(RxWiki News) People with lupus are at risk of a variety of heart-related problems. So, researchers wanted to see what factors may lead to metabolic syndrome (a condition that boosts heart disease risk) in lupus patients.
Korean and Hispanic lupus patients were more likely to develop metabolic syndrome than patients of other ethnicities, according to recent findings.
In addition, kidney disease and higher steroid doses were linked to a greater risk of metabolic syndrome in these patients.
"Exercise and eat healthy."
Metabolic syndrome is the name used for a group of risk factors that happen together and boost the risk of heart disease, stroke and type 2 diabetes.
Ian N. Bruce, MD, FRCP, of the Arthritis Research UK Epidemiology Unit at the University of Manchester, and colleagues set out to study metabolic syndrome in people with lupus - a group that is already at risk of heart disease.
A total of 239 of 1,494 patients (16 percent) in the study had metabolic syndrome.
The researchers found that Korean lupus patients were 6.33 times more likely to develop metabolic syndrome.
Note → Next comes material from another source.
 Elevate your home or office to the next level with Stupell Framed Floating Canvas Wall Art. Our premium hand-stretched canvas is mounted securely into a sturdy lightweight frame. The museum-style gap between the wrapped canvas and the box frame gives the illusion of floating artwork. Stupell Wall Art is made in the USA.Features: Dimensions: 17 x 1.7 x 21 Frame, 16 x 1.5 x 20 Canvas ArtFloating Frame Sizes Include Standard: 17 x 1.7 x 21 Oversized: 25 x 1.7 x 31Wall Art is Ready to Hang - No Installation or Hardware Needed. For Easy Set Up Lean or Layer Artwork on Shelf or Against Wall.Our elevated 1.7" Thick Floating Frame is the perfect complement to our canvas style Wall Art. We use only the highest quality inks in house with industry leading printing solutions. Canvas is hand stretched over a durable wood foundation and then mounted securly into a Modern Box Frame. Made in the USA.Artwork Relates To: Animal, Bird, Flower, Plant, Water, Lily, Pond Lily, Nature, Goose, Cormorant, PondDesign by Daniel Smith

Hispanic patients were 6.2 times more likely to develop the condition.
The authors noted that the higher rates of metabolic syndrome among Korean and Hispanic patients may be partly due to higher rates of the condition in those populations as a whole.
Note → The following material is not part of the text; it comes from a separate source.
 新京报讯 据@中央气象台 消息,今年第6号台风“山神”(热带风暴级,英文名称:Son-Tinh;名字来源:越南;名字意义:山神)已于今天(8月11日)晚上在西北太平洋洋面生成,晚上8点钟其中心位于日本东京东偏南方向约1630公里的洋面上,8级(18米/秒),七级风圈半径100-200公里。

Still, metabolic syndrome was more common among those with lupus than without.
The researchers also found that patients with kidney disease were 1.79 times more likely to develop metabolic syndrome, while those using immunosuppressant drugs were 1.81 times more likely to develop the condition.
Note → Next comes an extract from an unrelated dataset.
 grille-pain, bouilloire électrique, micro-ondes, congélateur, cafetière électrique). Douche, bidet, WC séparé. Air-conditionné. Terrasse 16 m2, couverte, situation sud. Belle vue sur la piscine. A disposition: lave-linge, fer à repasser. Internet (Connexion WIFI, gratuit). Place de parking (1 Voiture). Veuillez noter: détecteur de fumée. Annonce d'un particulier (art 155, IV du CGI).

In addition, higher steroid doses were associated with a increased risk of metabolic syndrome, particularly in the early stages of lupus. Since steroids are commonly used to treat lupus, this finding may lead doctors and patients to take a second look at their treatment plan.
According to the authors, this study showed that metabolic syndrome is common in young patients recently diagnosed with lupus.
In addition, metabolic syndrome was associated with more severe lupus and higher steroid doses. Therefore, treatment for individual patients should try to balance disease control while cutting down on steroid use, they said.
The research was funded by the Canadian Institutes of Health Research and Arthritis Research UK among others.
The authors reported no conflicts of interest.
The study was published September 3 in the Annals of the Rheumatic Diseases.